What to do -> Copying rule for the data below: pictures stay out, and only the lines from the one with "by St. John's" down to the one with "PHOTO: American political", inclusive, are repeated exactly.

Provided material ->
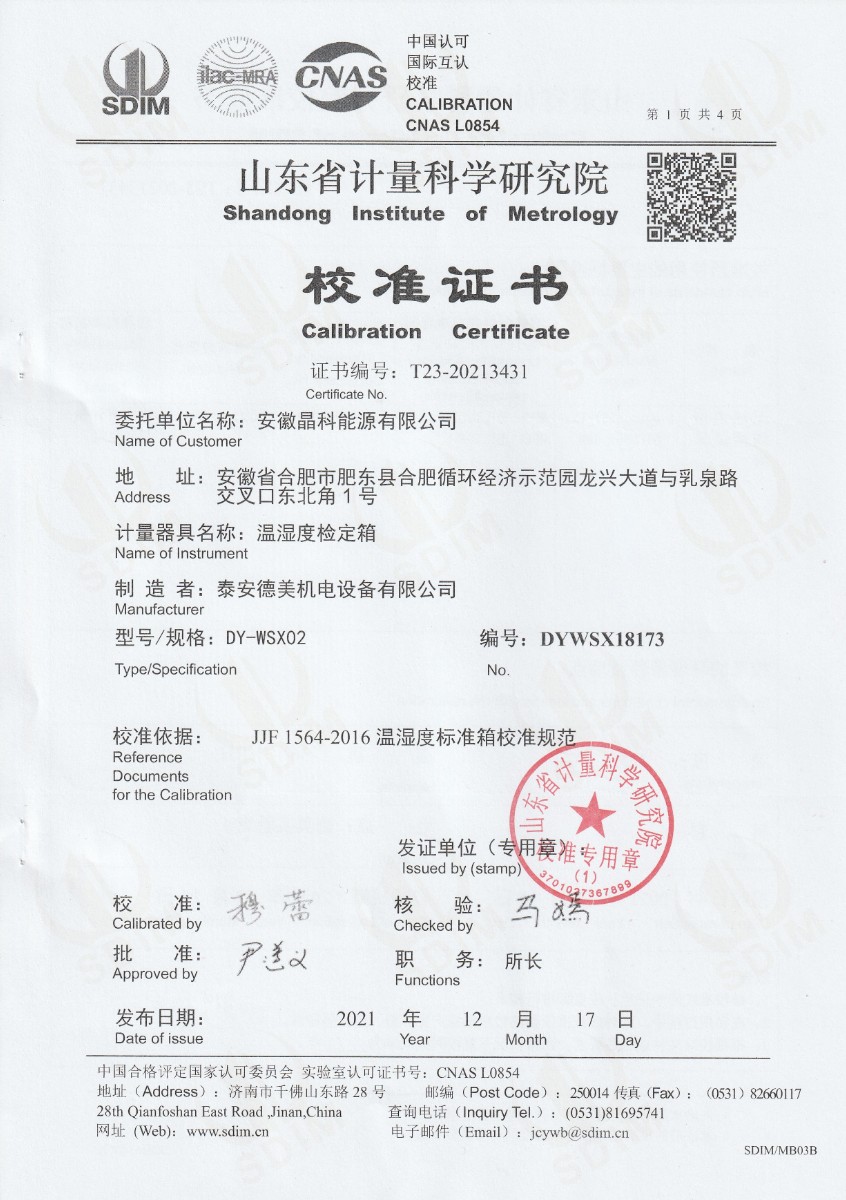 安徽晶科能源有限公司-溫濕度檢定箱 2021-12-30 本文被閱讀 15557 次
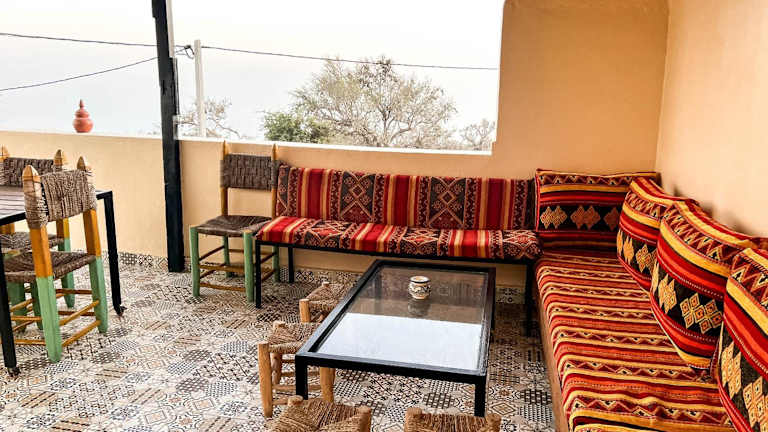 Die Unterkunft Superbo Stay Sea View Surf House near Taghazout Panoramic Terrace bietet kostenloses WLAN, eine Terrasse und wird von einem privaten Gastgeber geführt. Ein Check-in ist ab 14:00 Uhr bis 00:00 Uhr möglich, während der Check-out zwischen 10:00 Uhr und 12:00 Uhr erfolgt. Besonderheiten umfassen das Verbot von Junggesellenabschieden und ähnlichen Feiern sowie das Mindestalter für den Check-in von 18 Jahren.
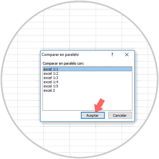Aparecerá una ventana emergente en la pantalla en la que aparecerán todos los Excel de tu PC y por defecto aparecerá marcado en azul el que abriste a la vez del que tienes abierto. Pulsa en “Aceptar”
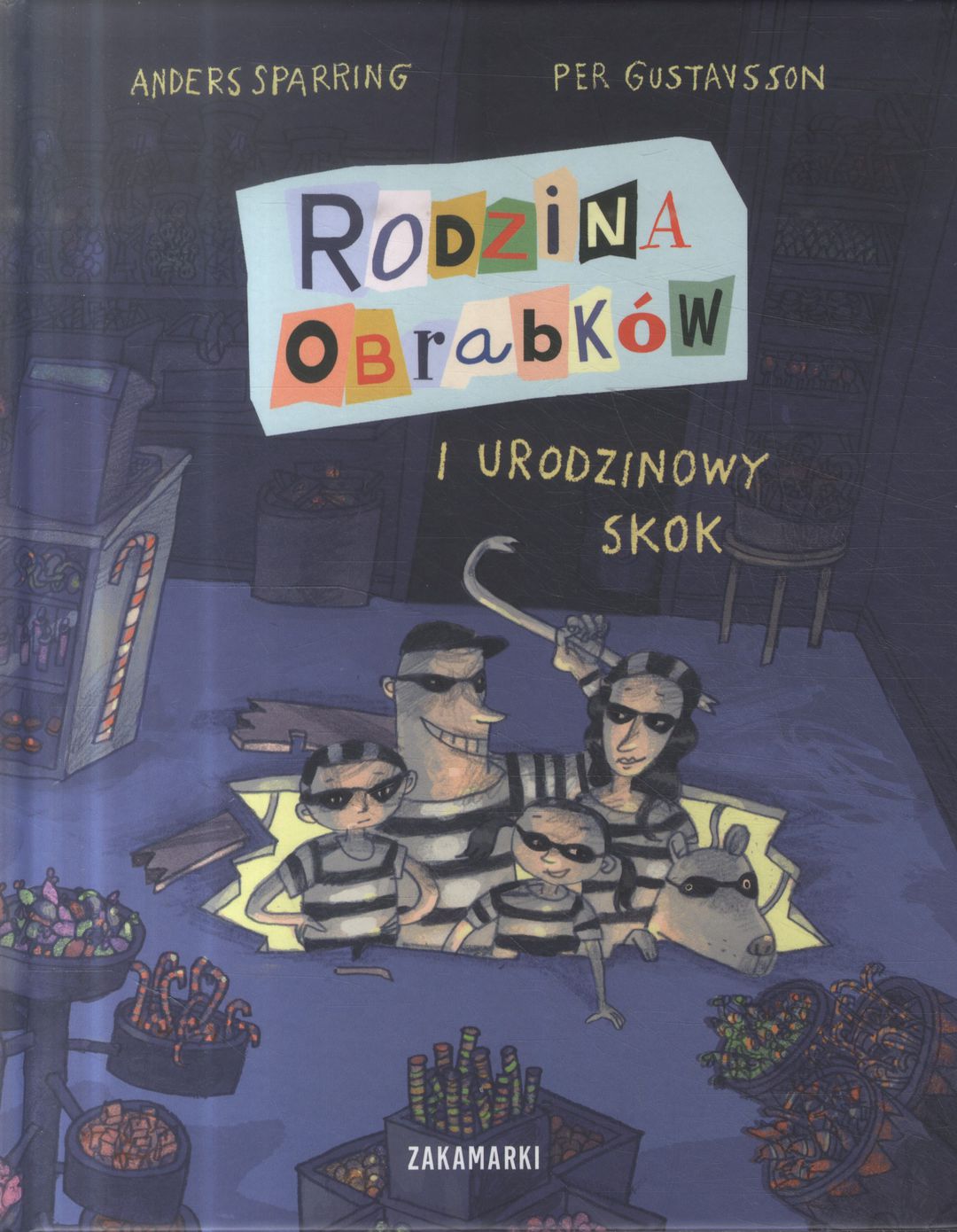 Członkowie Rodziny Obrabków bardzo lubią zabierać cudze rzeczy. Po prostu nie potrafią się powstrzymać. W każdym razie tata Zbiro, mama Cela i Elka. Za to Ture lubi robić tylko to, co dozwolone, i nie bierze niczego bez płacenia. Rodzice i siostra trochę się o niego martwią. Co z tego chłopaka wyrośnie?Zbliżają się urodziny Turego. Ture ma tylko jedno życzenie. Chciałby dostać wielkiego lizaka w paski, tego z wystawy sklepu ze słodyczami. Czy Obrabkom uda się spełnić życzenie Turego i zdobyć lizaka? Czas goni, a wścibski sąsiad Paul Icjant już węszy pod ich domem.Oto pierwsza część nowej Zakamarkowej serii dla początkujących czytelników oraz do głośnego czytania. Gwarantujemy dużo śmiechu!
--
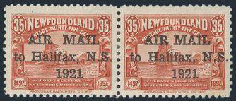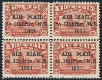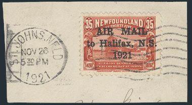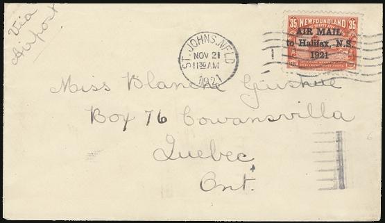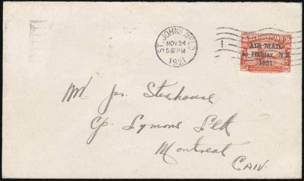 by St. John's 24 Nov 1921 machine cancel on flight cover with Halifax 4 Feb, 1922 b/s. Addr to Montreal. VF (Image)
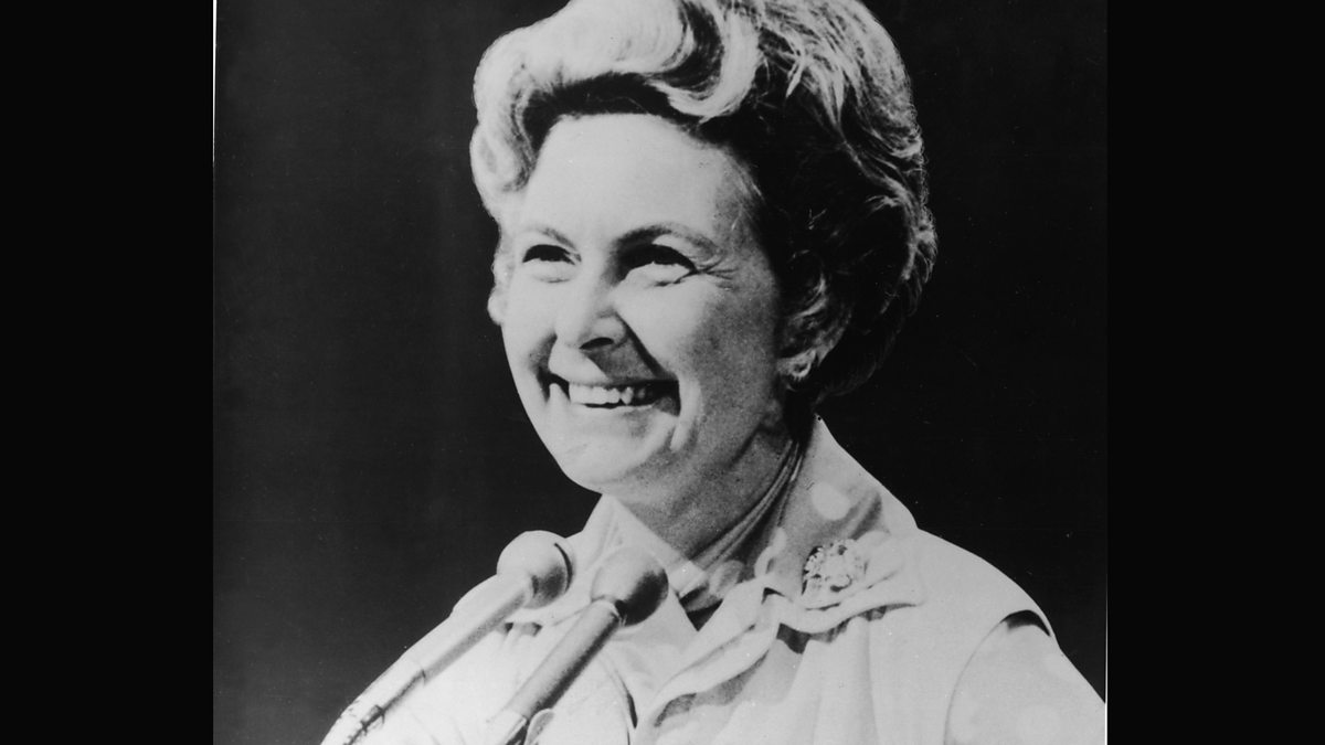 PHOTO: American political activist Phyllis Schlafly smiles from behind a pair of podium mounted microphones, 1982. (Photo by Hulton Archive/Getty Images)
...
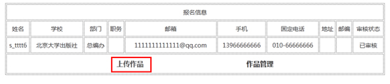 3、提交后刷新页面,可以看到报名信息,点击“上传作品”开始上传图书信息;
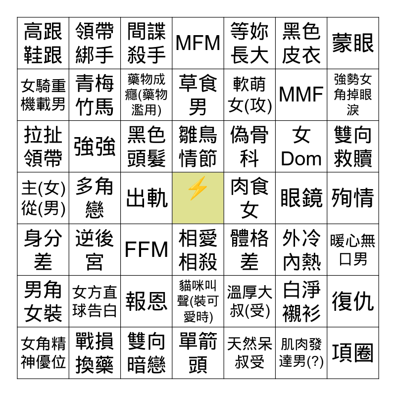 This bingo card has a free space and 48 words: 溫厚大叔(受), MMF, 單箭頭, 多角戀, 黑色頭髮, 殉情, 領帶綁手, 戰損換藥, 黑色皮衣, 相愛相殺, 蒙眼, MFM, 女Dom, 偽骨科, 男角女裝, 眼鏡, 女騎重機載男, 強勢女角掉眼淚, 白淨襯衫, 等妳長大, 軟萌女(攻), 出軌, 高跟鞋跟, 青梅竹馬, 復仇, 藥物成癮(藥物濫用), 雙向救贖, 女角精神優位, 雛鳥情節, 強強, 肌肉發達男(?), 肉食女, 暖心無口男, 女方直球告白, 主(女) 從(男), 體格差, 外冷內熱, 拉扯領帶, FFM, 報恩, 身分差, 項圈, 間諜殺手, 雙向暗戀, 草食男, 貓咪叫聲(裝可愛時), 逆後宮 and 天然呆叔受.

Response area ->
 by St. John's 24 Nov 1921 machine cancel on flight cover with Halifax 4 Feb, 1922 b/s. Addr to Montreal. VF (Image)
 PHOTO: American political activist Phyllis Schlafly smiles from behind a pair of podium mounted microphones, 1982. (Photo by Hulton Archive/Getty Images)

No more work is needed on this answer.